Groundwater in the crust is an important natural resource and a component of the three-phase rock and soil. Groundwater seepage into pores or fissures of rock and soil has a significant impact on their engineering mechanical properties.^9,11 For example, seepage of groundwater will result in seepage deformation of rock and soil, which will have a negative impact on the stability and security of structures and their foundations; a change in groundwater level will result in a change in the effective stress field in the foundation soil, which will result in rebound or settlement of the foundation soil; a change in groundwater level will also result in a change in soil moisture content, which will change the mechanical performance of the foundation soil.¹⁰

Improving research into soil chemistry and mechanics during reservoir impoundment will be critical.^11–13 Researchers have investigated the negative effects of reservoir immersion on the foundation, as well as the factors that contribute to immersion and the impact of immersion.^10,13,14

In order to analysis embankment settlement in soft clays in 1-D, 2-D, and 3-D, a number of constitutive models for soft soils have been created. This means that, unlike with manual calculations, it is not essential to oversimplify the soil layers beneath an embankment or other structure when calculating settlement. The numerical modeling also enables combined settlement and stability analysis, which provides a broad understanding of the behaviour of soft soil under embankments. In order to simulate the behaviour of soft clay soils, these constitutive models needed between 5 and 13 parameters. Several stress-strain-time relationships have been used to model the behaviour of soft soils in a few documented cases. Some of the models that have been applied: (1) modified cam clay model with 5 soil parameters¹⁴; (2) soft-soil model with 8 parameters (no time effect)¹⁴ (3) soft-soil creep model with 9 parameters; (4) hardening soil model (isotropic hardening) with 13 soil parameters^9,14 and (6) kinematic hardening models.^14,15 These models have been used in a variety of applications.¹⁰

Theoretical background  

$K_t\frac{\partial e}{\partial t}-K\frac{\partial e}{\partial z}-H_{cr}\frac{\partial e}{\partial z}=\beta$   (2.1)
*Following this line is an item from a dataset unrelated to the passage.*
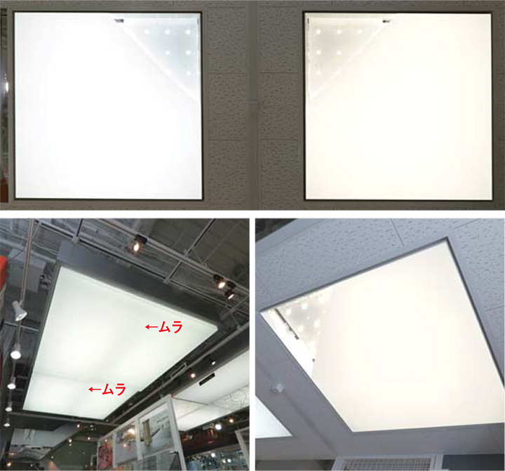(左下)蛍光灯を使用したシステム天井用照明器具。光のムラが発生している。
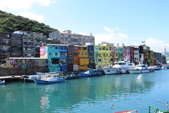 前往基隆嶼觀光船的碧砂漁港公車站牌須走到基金公路,途中可順遊阿根納造船廠遺構及彩色屋

$K_t\frac{\partial e}{\partial t}-K\frac{\partial e}{\partial z}-H_{cr}\frac{\partial e}{\partial z}+\beta$   (2.2)

$K_t\frac{\partial e}{\partial t}=\left(K+H_{cr}\right)\frac{\partial e}{\partial z}+\beta$   (2.3)
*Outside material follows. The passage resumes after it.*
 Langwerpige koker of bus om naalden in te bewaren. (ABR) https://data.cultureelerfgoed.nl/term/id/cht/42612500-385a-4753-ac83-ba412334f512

$K_t\frac{\partial e_1}{\partial t}=\beta$   (2.4)

$\frac{\partial e_1}{\partial t}=\beta K_t$   (2.5)

$e_1=\beta K_t+\gamma$   (2.6)

$K_t\frac{\partial e_1}{\partial t}=\left(K+H_{cr}\right)\frac{\partial e}{\partial z}$   (2.7)

$e_2=ZT$   (2.8)

$\frac{\partial e_2}{\partial t}=Z{T}^1$   (2.9)

$\frac{\partial e_2}{\partial t}=Z^{1}T$   (2.10)

Substitute (9) and (10) into (7)

$K_{t}Z{T}^1=\left(K+H_{cr}\right)Z^{1}T$   (2.11)

$K_t\frac{T^1}{T}=\left(K+H_{cr}\right)\frac{Z^1}{Z}=\gamma$   (2.12)

$K_t\frac{T^1}{T}=\gamma$   (2.13)

$\left(K+H_{cr}\right)\frac{Z}{Z}=\gamma$   (2.14)

From (13), $\frac{T^1}{T}=\frac{\gamma }{K_t}$

$LnT=\frac{\gamma }{K_t}t+e_3$   (2.15)

$T=A{e}^{\frac{\gamma }{K_t}t}$   (2.16)

From (14) $\left(K+H_{cr}\right)\frac{Z}{Z}=\gamma$

$\frac{Z}{Z}=\frac{\gamma }{K+H_{cr}}$   (2.17)

$LnZ=\frac{\gamma }{K+H_{cr}}Z+e_4$   (2.18)

i.e. $Z=B{e}^{\frac{\gamma }{K+H_{cr}}Z}$   (2.19)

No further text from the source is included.